Go through the listing below and write out exactly the lines from the one that mentions "13249167 carte postale" through the one that mentions "ドアは両開きの開閉式。床面と操作盤(シール式)はそれぞれ", minus the pictures.
***** Material provided
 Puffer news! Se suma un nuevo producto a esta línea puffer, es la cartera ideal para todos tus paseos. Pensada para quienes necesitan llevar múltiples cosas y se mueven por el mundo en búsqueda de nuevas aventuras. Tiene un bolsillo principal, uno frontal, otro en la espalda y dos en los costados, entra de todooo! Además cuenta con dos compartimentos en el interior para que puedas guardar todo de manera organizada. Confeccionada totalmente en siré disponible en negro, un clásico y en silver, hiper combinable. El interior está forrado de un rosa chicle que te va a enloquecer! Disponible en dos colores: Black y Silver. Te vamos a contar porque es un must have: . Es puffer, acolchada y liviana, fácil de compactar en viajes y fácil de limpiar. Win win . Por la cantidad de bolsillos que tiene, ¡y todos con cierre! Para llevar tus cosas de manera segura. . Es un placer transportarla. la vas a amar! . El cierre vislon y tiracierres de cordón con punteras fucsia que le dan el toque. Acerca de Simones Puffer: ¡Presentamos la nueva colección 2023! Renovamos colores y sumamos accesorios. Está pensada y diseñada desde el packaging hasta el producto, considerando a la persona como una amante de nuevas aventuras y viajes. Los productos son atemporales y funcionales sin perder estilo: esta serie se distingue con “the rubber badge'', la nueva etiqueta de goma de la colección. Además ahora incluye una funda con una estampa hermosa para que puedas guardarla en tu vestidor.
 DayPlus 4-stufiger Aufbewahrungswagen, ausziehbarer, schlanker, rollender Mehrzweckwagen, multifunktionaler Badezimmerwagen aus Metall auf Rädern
**********
***** Material provided
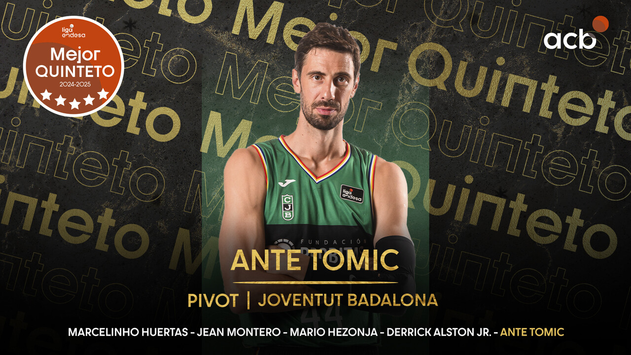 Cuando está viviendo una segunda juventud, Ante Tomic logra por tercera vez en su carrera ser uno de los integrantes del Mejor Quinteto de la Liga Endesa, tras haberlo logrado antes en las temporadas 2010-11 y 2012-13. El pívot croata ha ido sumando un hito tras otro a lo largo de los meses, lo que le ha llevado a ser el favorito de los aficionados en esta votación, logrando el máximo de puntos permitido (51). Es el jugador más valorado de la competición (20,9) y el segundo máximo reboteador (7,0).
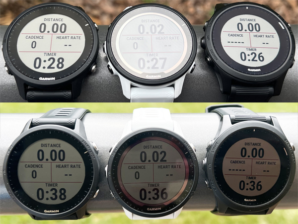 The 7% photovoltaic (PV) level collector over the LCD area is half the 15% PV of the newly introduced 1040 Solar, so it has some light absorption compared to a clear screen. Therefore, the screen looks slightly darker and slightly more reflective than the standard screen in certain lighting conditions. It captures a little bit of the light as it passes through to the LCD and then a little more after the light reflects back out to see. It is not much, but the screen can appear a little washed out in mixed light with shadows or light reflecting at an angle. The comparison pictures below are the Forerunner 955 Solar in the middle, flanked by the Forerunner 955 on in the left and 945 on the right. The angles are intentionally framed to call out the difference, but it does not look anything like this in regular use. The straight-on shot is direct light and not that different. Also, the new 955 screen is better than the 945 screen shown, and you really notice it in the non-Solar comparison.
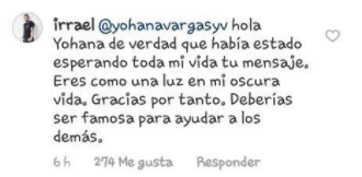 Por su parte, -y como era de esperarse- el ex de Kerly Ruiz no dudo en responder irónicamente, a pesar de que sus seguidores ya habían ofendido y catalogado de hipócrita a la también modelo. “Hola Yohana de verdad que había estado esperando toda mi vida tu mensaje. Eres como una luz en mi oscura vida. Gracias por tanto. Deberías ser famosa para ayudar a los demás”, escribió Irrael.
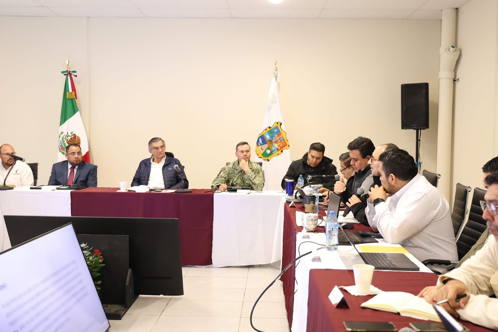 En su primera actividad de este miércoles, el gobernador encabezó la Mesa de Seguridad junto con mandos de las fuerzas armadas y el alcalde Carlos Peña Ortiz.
**********
***** Material provided
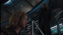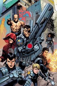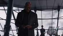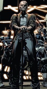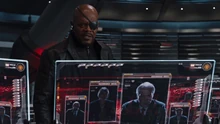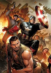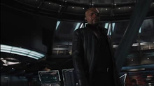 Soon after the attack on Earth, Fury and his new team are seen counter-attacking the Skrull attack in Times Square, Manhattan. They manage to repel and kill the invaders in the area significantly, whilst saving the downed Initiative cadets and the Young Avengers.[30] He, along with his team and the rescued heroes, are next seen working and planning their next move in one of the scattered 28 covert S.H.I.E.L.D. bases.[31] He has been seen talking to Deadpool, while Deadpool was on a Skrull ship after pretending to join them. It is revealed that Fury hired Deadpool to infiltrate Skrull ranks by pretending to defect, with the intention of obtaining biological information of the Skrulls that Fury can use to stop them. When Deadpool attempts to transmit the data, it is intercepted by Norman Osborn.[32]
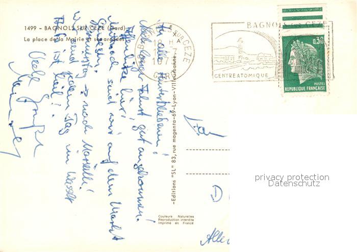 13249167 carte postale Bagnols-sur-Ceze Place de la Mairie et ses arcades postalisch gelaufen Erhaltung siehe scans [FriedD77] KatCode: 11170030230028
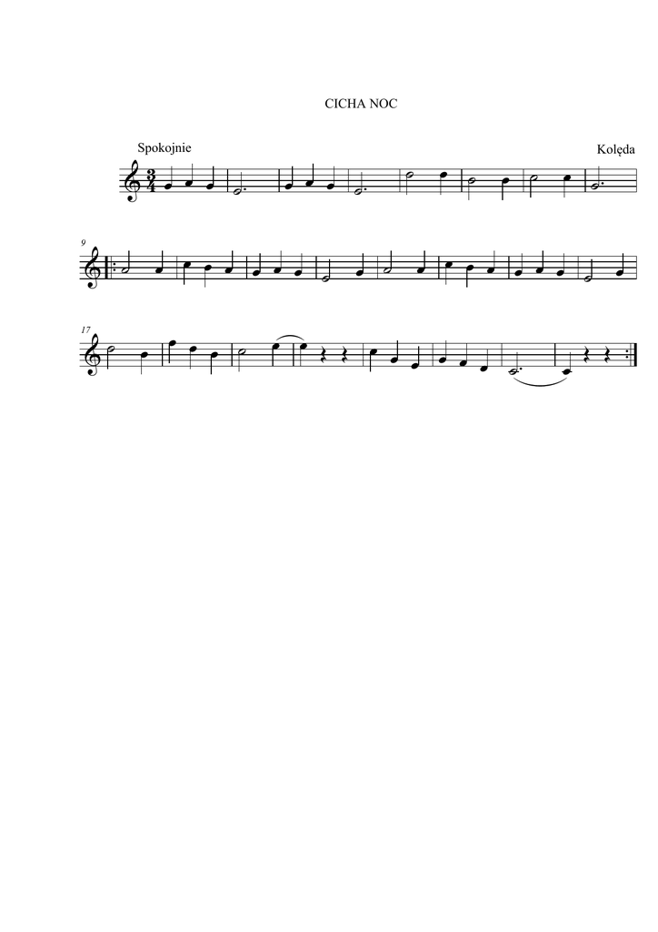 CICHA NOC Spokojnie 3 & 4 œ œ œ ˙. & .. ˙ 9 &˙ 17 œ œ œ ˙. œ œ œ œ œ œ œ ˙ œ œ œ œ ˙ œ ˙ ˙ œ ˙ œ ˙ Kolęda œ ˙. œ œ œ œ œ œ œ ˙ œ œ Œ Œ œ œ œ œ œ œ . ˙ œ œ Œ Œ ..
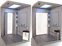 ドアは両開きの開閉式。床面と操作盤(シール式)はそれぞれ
**********
● Task answer:
 13249167 carte postale Bagnols-sur-Ceze Place de la Mairie et ses arcades postalisch gelaufen Erhaltung siehe scans [FriedD77] KatCode: 11170030230028
 CICHA NOC Spokojnie 3 & 4 œ œ œ ˙. & .. ˙ 9 &˙ 17 œ œ œ ˙. œ œ œ œ œ œ œ ˙ œ œ œ œ ˙ œ ˙ ˙ œ ˙ œ ˙ Kolęda œ ˙. œ œ œ œ œ œ œ ˙ œ œ Œ Œ œ œ œ œ œ œ . ˙ œ œ Œ Œ ..
 ドアは両開きの開閉式。床面と操作盤(シール式)はそれぞれ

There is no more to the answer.